Despite resigning from office in July 2023, Wallace was part of the Conservative government cabinet which worked towards implementing the end-to-end encryption and child safety bill. As such, his support of this demand likely stems from the fact that its goals align with the aims of this established bill. Additionally, this highlights the ideology of MPs who appear to only raise the negatives which come with encryption. It appears that there is a narrow view of encryption within the UK government, likely because the benefits of using it merge into the background of everyday online activity. 

Concluding remarks

The demand against Apple demonstrates the contrast between government officials who state that encryption makes it harder to track criminals and the stance of technology organisations who emphasise the need for data privacy. Despite ADP only being introduced to UK Apple customers in December 2022, the demand has led to the weakening of online security and privacy for users in the country. Consequently, if the demand were ever to be enacted, threat actors would highly likely exploit the backdoor for malicious purposes. Additionally, if the UK government was ever to gain access, cybercriminals who use Apple devices would likely pivot to using other software and platforms to conduct malicious activity. Ultimately, this means the burden of this decision is placed on citizens who use Apple devices in their everyday lives. This is evidenced by other incidents, such as when the CEO of Telegram, Pavel Durov, was arrested in Paris in relation to criminal activity on the platform. Threat actors discussed moving their malicious activity to other platforms after Telegram stated it would hand over the IP addresses and phone numbers of users who violated its rules to law enforcement.

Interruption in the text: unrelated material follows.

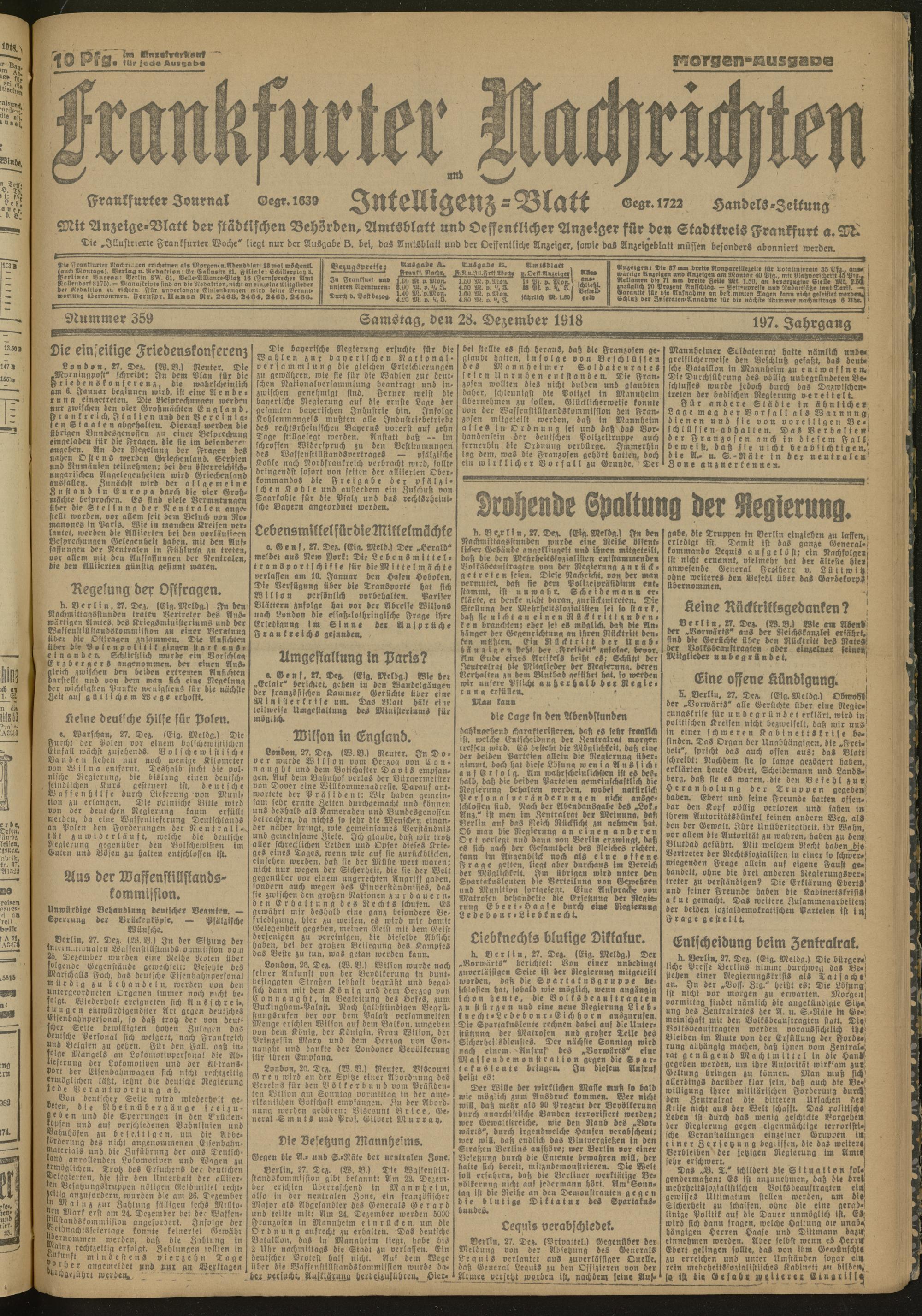 28.12.1918 Morgen-Ausgabe = Nr. 359

More widely, compelling private organisations to undermine encryption and security features places specific groups of individuals at risk from both state-sponsored and opportunistic attacks. For examples, high-profile individuals such as journalists and politicians could be increasingly targeted if demands such as the one discussed are enacted. It also highlights the issue of user privacy and government surveillance, potentially influencing other nations to create similar demands. Moreover, it could lead to a wider compromise of security. This is because organisations may choose to limit security features in countries which have restrictive laws or demands. Consequently, both the demand and Apple’s disabling of APD for UK users increases the risk of unauthorised access and diminishes the security of the wider operating system. As such, increased opportunities for data misuse will likely be observed. 

Moreover, Apple is reportedly taking legal action to overturn the UK government’s demand. The technology company has appealed to the Investigatory Powers Tribunal, which is an independent court that investigates claims against the Security Service. Whilst the tribunal case may be heard in the near future, it may not be made public. This demonstrates that ultimately, the demand is view as disproportionate by the technology company. It is likely that this view will be echoed in the wider technology sector, both based in the US and internationally. Depending on the outcome of the case, this could set the precedent as to whether more governments will attempt to compel such access or whether global technology organisations can legally stop foreign nations from interfering with encryption and data privacy processes.